A Survey on Data-driven Performance Tuning for Big Data Analytics Platforms

doi:10.1016/j.bdr.2021.100206

Big Data Research

Volume 25, 15 July 2021, 100206

https://doi.org/10.1016/j.bdr.2021.100206 Get rights and content

Abstract

Many research works deal with big data platforms looking forward to data science and analytics. These are complex and usually distributed environments, composed of several systems and tools. As expected, there is a need for a closer look at performance issues.

In this work, we review performance tuning strategies in the big data environment. We focus on data-driven tuning techniques, discussing the use of database inspired approaches. Concerning big data and NoSQL stores, performance tuning issues are quite different from the so-called conventional systems. Many existing solutions are mostly ad-hoc activities that do not fit for multiple situations. But there are some categories of data-driven solutions that can be taken as guidelines and incorporated into general-purpose auto-tuning modules for big data systems.

We examine typical performance tuning actions, discussing available solutions to support some of the tuning process's primary activities. We also discuss recent implementations of data-driven performance tuning solutions for big data platforms. We propose an initial classification based on the domain state-of-the-art and present selected tuning actions for large-scale data processing systems. Finally, we organized existing works towards self-tuning big data systems based on this classification and presented general and system-specific tuning recommendations. We found that most of the literature pieces evaluate the use of tuning actions at the physical design perspective, and there is a lack of self-tuning machine-learning-based solutions for big data systems.

Introduction

A wide range of devices, including mobile phones, GPS devices, social networks, sensors, and IoT devices [1], [2], [3], [4] is generating a large volume of distributed and heterogeneous data.

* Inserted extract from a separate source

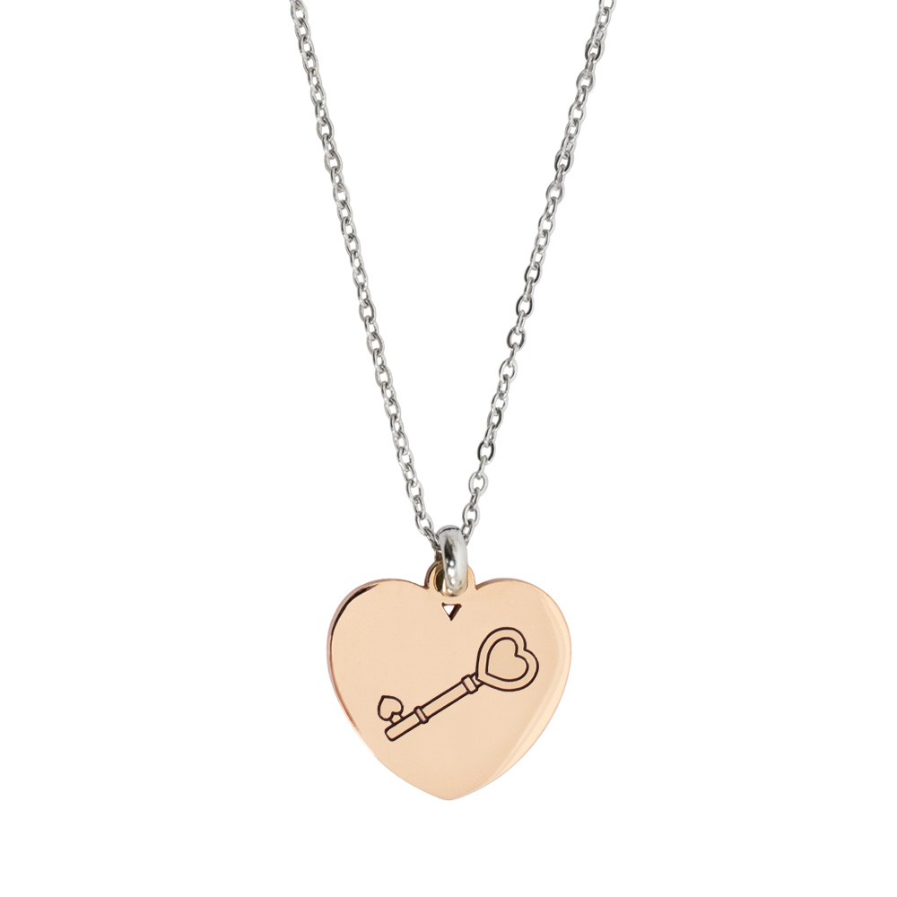 Delicata collana con ciondolo cuore, pensata per esprimere affetto e gratitudine. Interamente realizzata in acciaio anallergico, presenta una catenina argentata e un cuore bronzo con doppia incisione: da un lato la frase "La mamma custodisce le chiavi dell'anima", dall’altro una chiave. Corredato di scatola regalo e shopper coordinata.

Transforming such massive amount of data into valuable information while revealing its underlying meaning is a crucial function of big data analytics [5], [6].

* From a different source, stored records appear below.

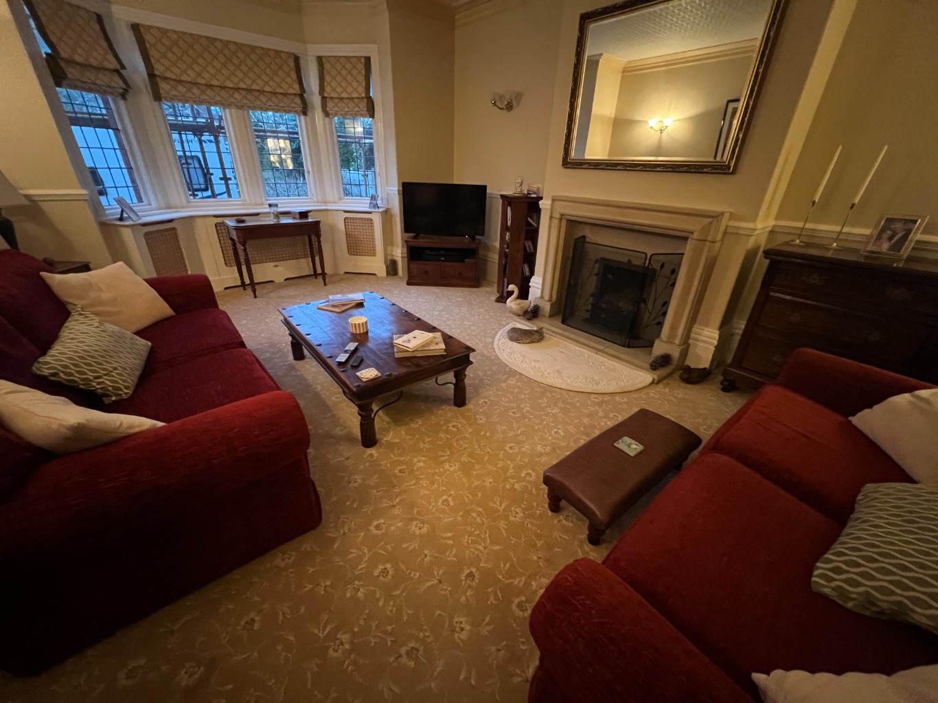 – Sitting Room with coal fire, 2 large sofa’s, coffee table and TV.
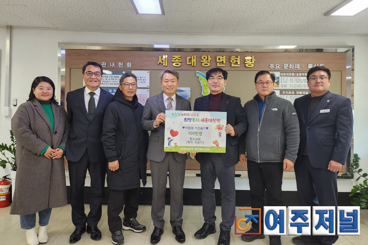 장수교회(담임목사 조용기)는 지난 26일 어려운 이웃을 위한 성금 100만 원을 세종대왕면 지역사회보장협의체(공동위원장 노규남 홍광래)에 기탁했다.
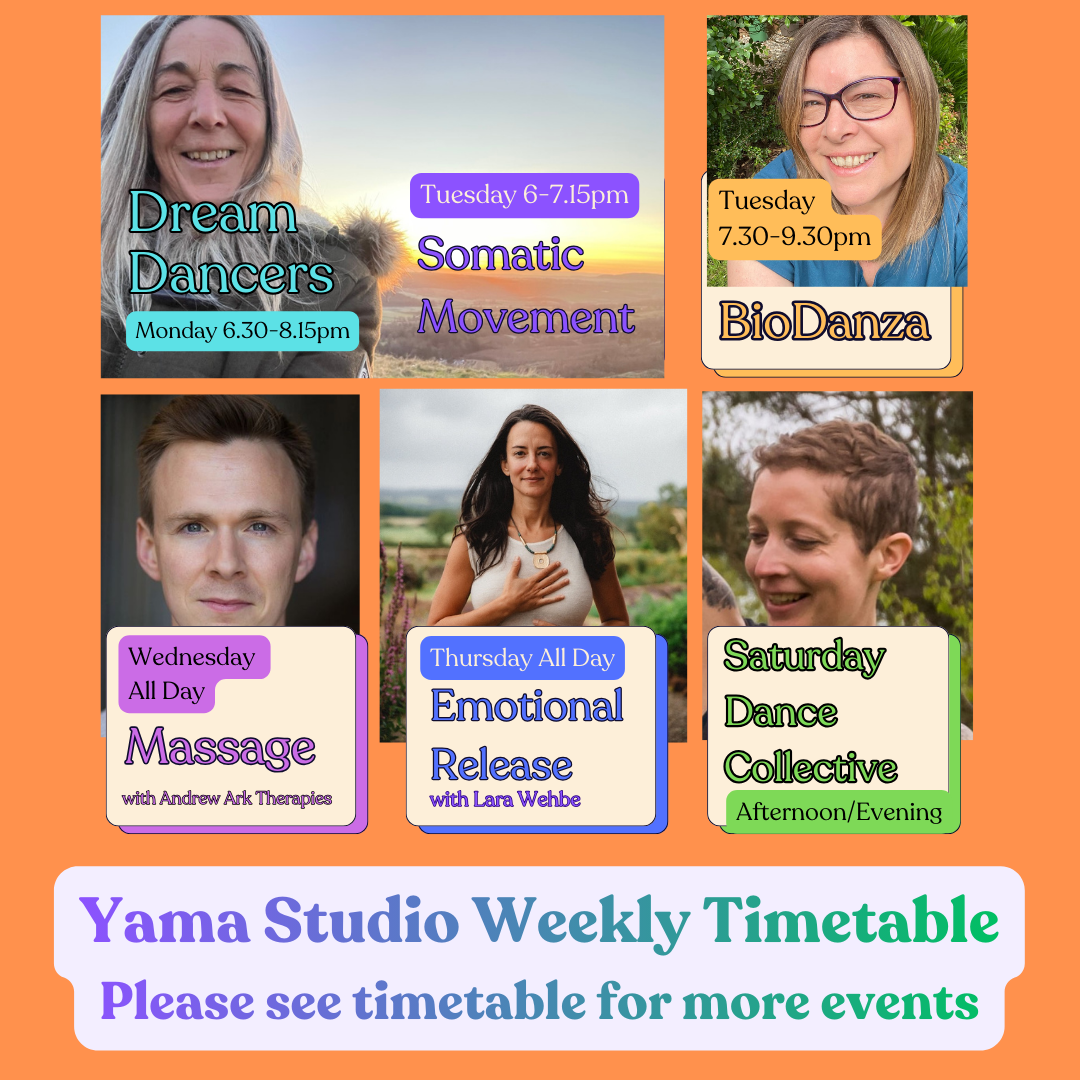 YAMA is a warm inviting studio where you can practice coming back to the body in a safe and healthy environment. We offer healing journeys through various forms of Yoga, Meditation,, Movement Medicine, BioDanza, 5Rhythms and Open Floor, not to mention the variety of ongoing workshops.

New requirements in terms of analytics (e.g., real-time data management) contribute to a big data analytics environment composed of a myriad of solutions and distributed systems, commonly known as the big data stack [5]. Many of these solutions involve distributed processing of large volumes of data, replicated or moved over networks on the fly. Failures are somewhat common, and runtime auto-recovery is required and commonly achieved based on re-processing of tasks and through the use of intermediate data materialization [7], [8]. In such an environment, I/O costs and data movement may impose relevant costs and overheads. Capacity planning may turn out to be a problem and lead to increasing costs, especially in applications that must meet some type of Service Level Agreement (SLA) specified in terms of performance metrics [5]. Also, there is no optimizer to build the most efficient execution plan to execute each user's job, which increases the importance of carefully tuning the system performance.

Both automatic tuning and real-time analytics tuning are some of the main open challenges for big data systems [9]. In big data analytics environments, the main tuning opportunities include the reorganization of data layouts (e.g., applying partitioning) and the efficient use of materialization, mainly to persist intermediate results [10]. These opportunities are somewhat related to some of the most common performance tuning actions usually taken in traditional database systems, which are data-driven decisions, mostly oriented to reduce I/O operations and improve memory consumption. Some of the aspects that impact traditional database systems' performance also affect large-scale big data processing systems. For instance, query (job) size, data skew, and temporal locality in data access impact both database systems and MapReduce-based systems performance [11].

In this paper, we review the use of performance tuning techniques in the big data stack. We focus on data-driven performance tuning, discussing works related to I/O optimization, data partitioning and materialization, file placement and data transfer, caching, and memory consumption. We describe traditional tuning activities and present how it has evolved into the NoSQL solutions. We describe proposals on data-driven performance tuning for big data systems and warehouses, mostly in solutions based on the MapReduce paradigm and distributed systems. We present selected tuning actions that would benefit data analysts. We also present big data benchmarking tools, self-tuning solutions, and performance monitoring tools and advisors, and discuss some future research opportunities.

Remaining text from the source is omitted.